Valassis announced the results of its Sixth Annual RedPlum Purse String Survey that provides greater insight into millennials and their shopping behaviors that rely more heavily on print than you might expect.
With newspaper as their number one source for coupons and deals, these promotion-sensitive millennials are getting their savings the same way as all other consumers across age groups and income levels with 51 percent indicating this print source is their first choice for savings. The top five places all respondents most often get their coupons and deals from are the newspaper; emails/coupon alerts; Internet searches; mailbox; and retail circulars. For millennials, in-store exceeds their use of retail circulars by 4 percentage points to rank fifth. From print sources, millennials get their deals:
- 33 percent from the mail;
- 21 percent from retail circulars; and
- 20 percent from coupon books.
This doesn't mean, though, that this digitally-charged, on-the-go generation is walking away from digital savings. In fact, they are leading the digital trend. Over the last 12 months, 27 percent of millennials indicated they are using more mobile coupons compared to 17 percent of the overall findings. Millennials actually are using their smartphone to a greater degree than the general population:
- 45 percent access a coupon in an email on their smartphone compared to 24 percent of all respondents;
- 41 percent access a coupon code on their smartphone versus 24 percent;
- 36 percent compare deals versus 20 percent; and
- 32 percent download a coupon to a loyalty card compared to 20 percent.

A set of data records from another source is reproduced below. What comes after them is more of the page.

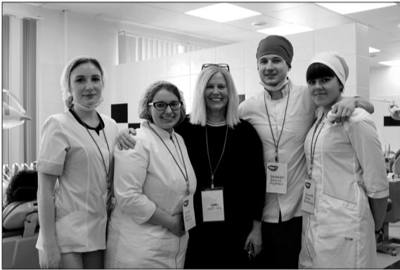
Студенты ИвГМА перенимают мировой опыт
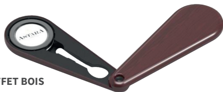
COFFRET CAVIAR - MATIÈRE EFFET BOIS CAVIAR CASE - WOOD EFFECT
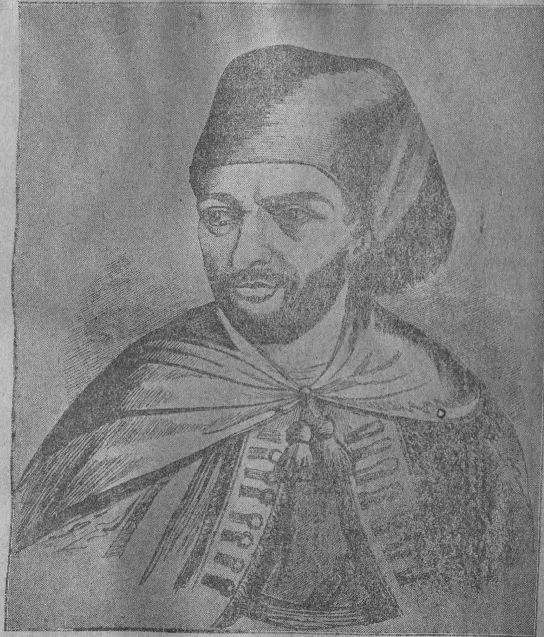
Ο ΙΒΡΑΪΜ ΠΑΣΑΣ ΤΗΣ ΑΙΓΥΠΤΟΥ

Ἐξ ἐναντίας πεζοὶ ἑλαφροὶ τὸ πρῶτον ἐτράπησαν εἰς ἀνάβασιν ἐκ τῆς ἀνατολικῆς τοῦ στενοῦ παρειᾶς, ἤτοι πρὸς τὸ ὄρος Πανάγο, ὅπου εἶναι πάροδος, διερχομένη διὰ τῆς ὑπερκαιμένης θέσεως Ἁγίου Σώστης, ὅπου πάλιν σχηματίζεται στενὸν τι, καὶ αὕτη δύσβατος, ἀγούσα εἰς τὸ κατὰ τὰς Κλεωνᾶς πεδίον, ἐκκλινομένου τοῦ Δερβενακίου καὶ ἧτις ἐφαίνετο ἀφυλάκτος.
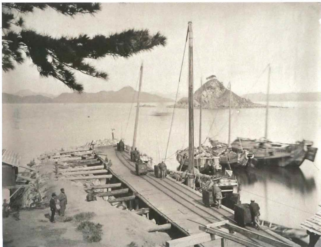
明治初期 高島炭鉱石炭船積場
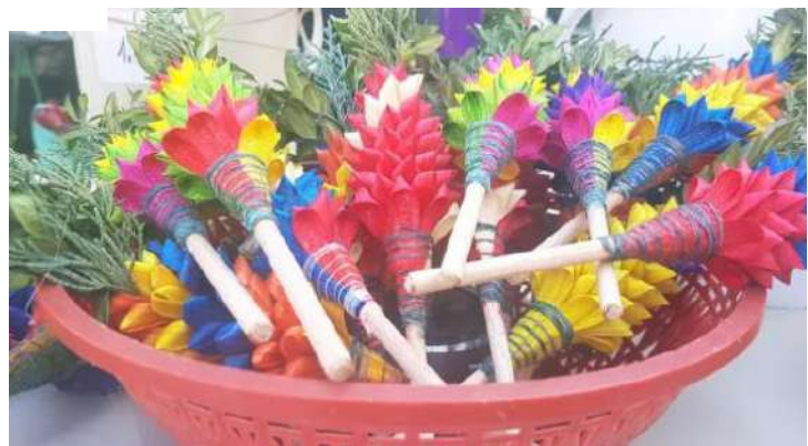
Rameaux décorés avec friandises : accrocher des friandises sur certains rameaux pour faire patienter les enfants. Ils doivent attendre la messe pour y toucher.

Plus surprenant, en Algérie et dans le Sud de la France , une tradition veut (en perte de vitesse) qu'on accroche des friandises sur certains rameaux pour faire patienter les enfants .
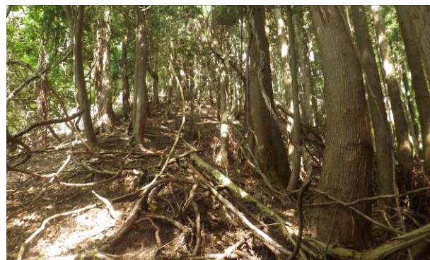
この部分を直登する
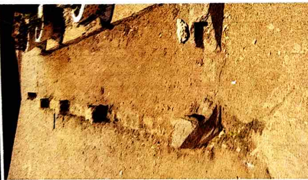
Reparación de entortado por deterioro, frente a la Dirección.
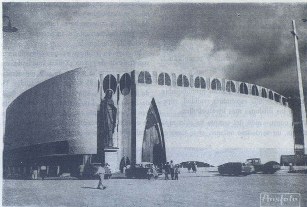
GUATEMALA.—Aspecto exterior del nuevo Templo Nacional Expiatorio, dedicado al Corazón de Jesús en esta capital. Es obra de los Salesianos. La imagen del Salvador que aparece en la fachada es de bronce y mide nueve metros de altura. El templo da la impresión de ser una enorme embarcación y simboliza la barca, que es la Iglesia.

"The RedPlum Purse String Survey results are somewhat counter intuitive from what you might expect based on what we know about millennials," said Lisa Reynolds, Valassis Vice President of Consumer Engagement. "While they are heavy digital users, this group also embraces tried and true methods for savings, as much as any other age group. Promotion sensitive, they are a true testament to the use of savings from both print and digital sources."
When it comes to sharing, millennials do so at the highest rate (90 percent) among all age groups. Here's how they share:
- Word of mouth – 71 percent versus 56 percent of the general populace;
- Social – 43 percent versus 29 percent with Facebook as their channel of choice accounting for 33 percent of their social sharing, 10 percent higher than overall findings; and
- Text – 30 percent versus 19 percent.
So what type of items are they most interested in? Grocery dominates across all respondents but even more for millennials with 85 percent seeking grocery coupons compared to 78 percent of the overall findings followed by clothing and dining out.
When it comes to consumer confidence, there is a significant difference among Haves (those with an income over $60,000) versus the Have Nots (those with an income under $60,000), although interestingly, there is not a significant difference in their savings behaviors. Almost half of the Haves (48 percent) are feeling the same as last year about their family's financial situation compared to 39 percent of Have Nots. Moreover, 38 percent of the Have Nots are feeling either less confident than last year or not confident at all versus 26 percent of the Haves.
When looking for savings, more than half of mobile users indicated they are likely to identify an item in store but make the purchase online for clothing/shoes (61 percent); household goods (52 percent), and big ticket items (55 percent). In all instances, this behavior was driven by a better price.
"Consumers have become efficient deal-seekers and are achieving savings by clipping coupons, downloading them to their smartphones and sharing with friends in a variety of ways including across their social networks. It's a new world," Reynolds added. "The path they take to make their purchase decisions is varied and marketers are taking note to better engage and activate consumers wherever they plan, shop, buy and share."